The reality in one line
Here is the reality behind every scaling myth, in one line: scaling reflects each subject’s cohort strength, adjusts the whole subject accordingly, and never reorders students or acts school by school.
Hold onto that, and the myths fall away. Choose subjects you can excel in, rank as high as you can, and let scaling do its fair, published, statewide work.
Why these myths persist
Scaling myths persist because scaling is easy to misunderstand and its results can feel counter-intuitive. When a strong raw mark scales down, it is natural to suspect a penalty, even though the cause is simply a broad cohort.
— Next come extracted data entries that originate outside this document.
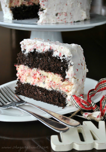 To assemble the cake, lay one frozen layer of chocolate cake on cake plate. Top with frozen cheesecake and second layer of chocolate cake. Frost sides and top with a thin layer of frosting to apply a crumb coat. Refrigerate 30 minutes to an hour. Remove from refrigerator and frost remaining cake. I keep the cake covered in the refrigerator until ready to eat. Remove and allow to sit about 15 minutes before slicing. ENJOY!
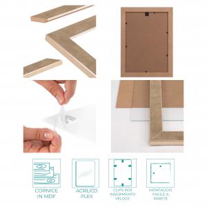 La cornice è realizzata in legno MDF ecologico, che conferisce robustezza e stabilità alla cornice, mantenendo al contempo un impegno verso la sostenibilità. Sul retro sono presenti ganci a scomparsa per appendere la cornice sia in orizzontale che in verticale.
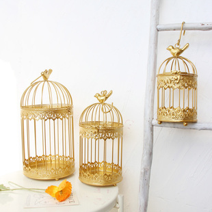 飾婚慶婚禮多肉花架掛飾綠植家居飾品陽臺庭院擺件鐵藝 金色鳥籠裝由

Understanding the mechanism dissolves the mystery. Once you see scaling as a fair, published adjustment based on cohort strength, the myths lose their grip and you can plan calmly.
Common questions
Do easy subjects always scale down?
No. Scaling reflects how strong a subject’s cohort is, not how easy it feels. A so-called easy subject with a strong cohort can scale reasonably, and even a lower-scaling subject produces a strong scaled mark if you rank near the top.
Is 'hard subjects scale up' a myth?
Partly. Hard subjects often scale up, but because they attract strong students, not because of the difficulty itself. A hard subject with a mixed cohort can scale modestly, so difficulty alone does not lift scaling.
Can scaling rescue a poor mark?
No. Scaling shifts the whole subject up or down; it does not lift a low rank to a high one. If you rank near the bottom of a high-scaling subject, you still get a low scaled mark.
Does your school affect scaling?
No. Scaling is applied to each subject across the whole state, not school by school. Your school does not change how a subject scales or what your scaled mark is.